В своей истории панорамы Стефан Оттерманн называет этот любопытный вид визуальной культуры парадоксом. «Хотя, кажется, что она предлагает неограниченный вид на настоящий пейзаж, – пишет он, – на самом деле, она полностью окружает наблюдателей и приковывает их к себе гораздо сильнее, чем все предыдущие художественные попытки воспроизвести пейзажи» [Oettermann 1997:21]. Являясь феноменом, усугубляющим столкновение действительности и иллюзии, двух– и трехмерного изображения, свободы движения и эстетической ловушки, панорама как визуальный символ запечатлевает опасные недостатки первоначальных представлений Пьера о поле боя. Ограниченный своей наблюдательной позицией на возвышении, он видит только абстракции действительности, картины, которые сначала слишком схематичны и затем так же эстетически обманчивы. Вместо того чтобы оставить Пьера любоваться этими видами, Толстой требует от своего героя, чтобы он увидел, чем на самом деле являются эти прекрасные, хотя и фальшивые, иллюзии – искусной ложью. Обнажая приемы оптических иллюзий, будь то карты или панорамы, роман представляет визуальную сферу неподлинной, неполноценной и нравственно слабой. И тем самым роман утверждает собственную способность перемещать персонажей в пространстве и во времени – действие, которое почти всегда приводит к соответствующим сдвигам в понимании и сознании. Ставшее возможным благодаря повествованию, это перемещение в конечном итоге избавляет Пьера от его ложных представлений об истории как о спектакле и подталкивает к более сложному пониманию битвы. Он обнаруживает, что должен спуститься с кургана, чтобы получить другое видение. «Пьеру захотелось быть там, – объясняет повествователь, – где были эти дымы, эти блестящие штыки, это движенье, эти звуки» [Толстой 1928–1958, 11:229]. И вот он скачет галопом, очки соскальзывают с его носа – не такой уж незначительный знак снятия искажающе затемненных линз. Когда мы в следующий раз встретим Пьера, он уже присоединится к солдатам на поле боя и столкнется с совершенно иным, но не менее дезориентирующим видом войны.
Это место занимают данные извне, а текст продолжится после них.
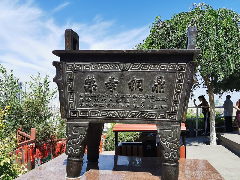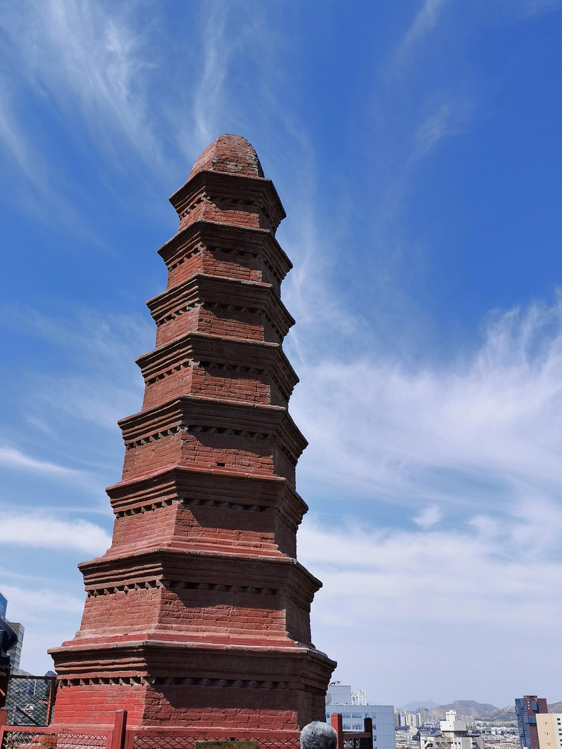 人们在这里建立了红山塔,塔高10.6米,这是一个青砖实心塔,有六面九级。始建于乾隆53年(1788年),距今已经有200多年历史了,经历过多次地震和风雨的侵袭,至今仍然完好无损,十分难得。在红山塔旁边眺望乌鲁木齐景色,也是相当的不错的。当然红山上还有远眺楼可以看到乌鲁木齐市区的全景,不过需要门票,我们放弃了。
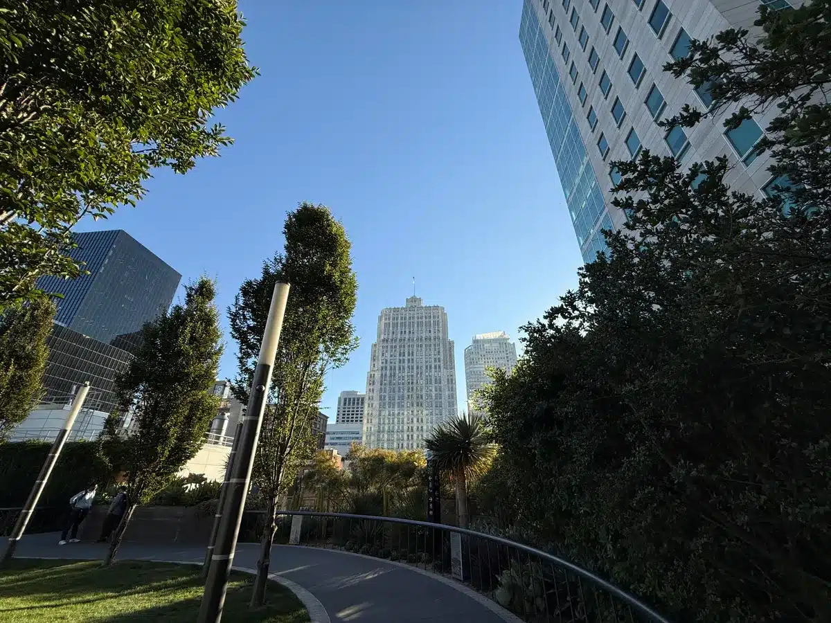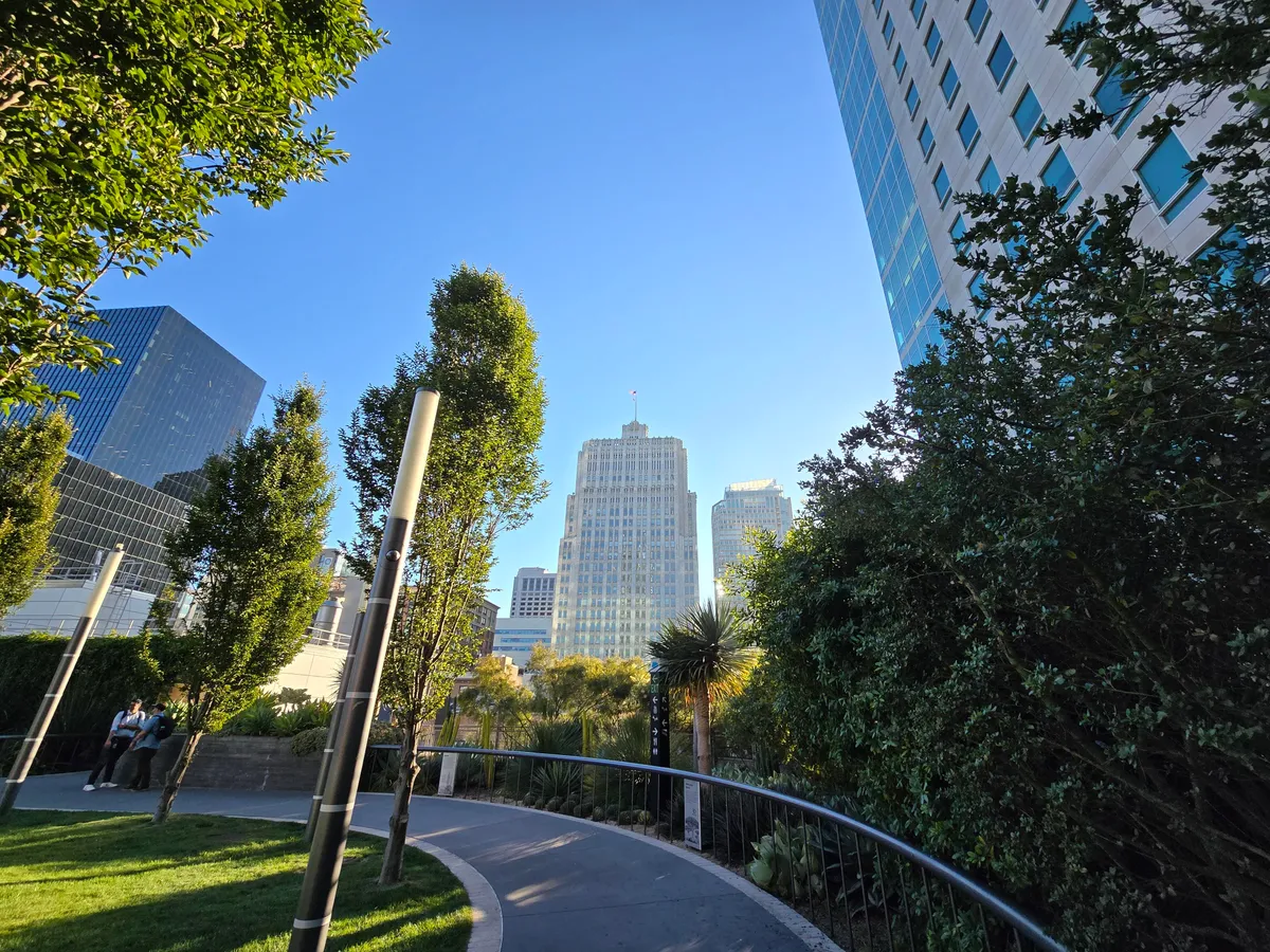 خلال نزهة بعد الظهر في حدائق يربا بوينا في سان فرانسيسكو، التقط كلٌّ من iPhone 16 Pro Max وGalaxy S24 Ultra هذه الصورة المتدفقة بوضوح. صورة S24 Ultra أكثر سطوعًا قليلاً في جميع الأنحاء، خاصةً بين الأشجار والشجيرات في الخلفية.

Волшебные фонари раскрыты!
В бородинских главах есть и другие персонажи, которых не меньше, чем Пьера, преследуют зрительные образы. Вечером 25 августа, уже получив приказания на следующий день, Андрей Болконский сидит один в расположении своего полка, думая о вполне реальной возможности смерти. На фоне этой яркой метафизической определенности пустяковые заботы земного существования бледнеют и мерцают, как проекции волшебного фонаря.
И с высоты этого представления все, что прежде мучило и занимало его, вдруг осветилось холодным, белым светом, без теней, без перспективы, без различия очертаний. Вся жизнь представилась ему волшебным фонарем, в который он долго смотрел сквозь стекло и при искусственном освещении. Теперь он увидал вдруг, без стекла, при ярком дневном свете, эти дурно намалеванные картины. – «Да, да, вот они те волновавшие и восхищавшие и мучившие меня ложные образы», говорил он себе, перебирая в своем воображении главные картины своего волшебного фонаря жизни, глядя теперь на них при этом холодном, белом свете дня – ясной мысли о смерти. «Вот они, эти грубо намалеванные фигуры, которые представлялись чем-то прекрасным и таинственным. Слава, общественное благо, любовь к женщине, самое отечество – как велики казались мне эти картины, какого глубокого смысла казались они исполненными!» [Толстой 1928–1958, 11:203–204].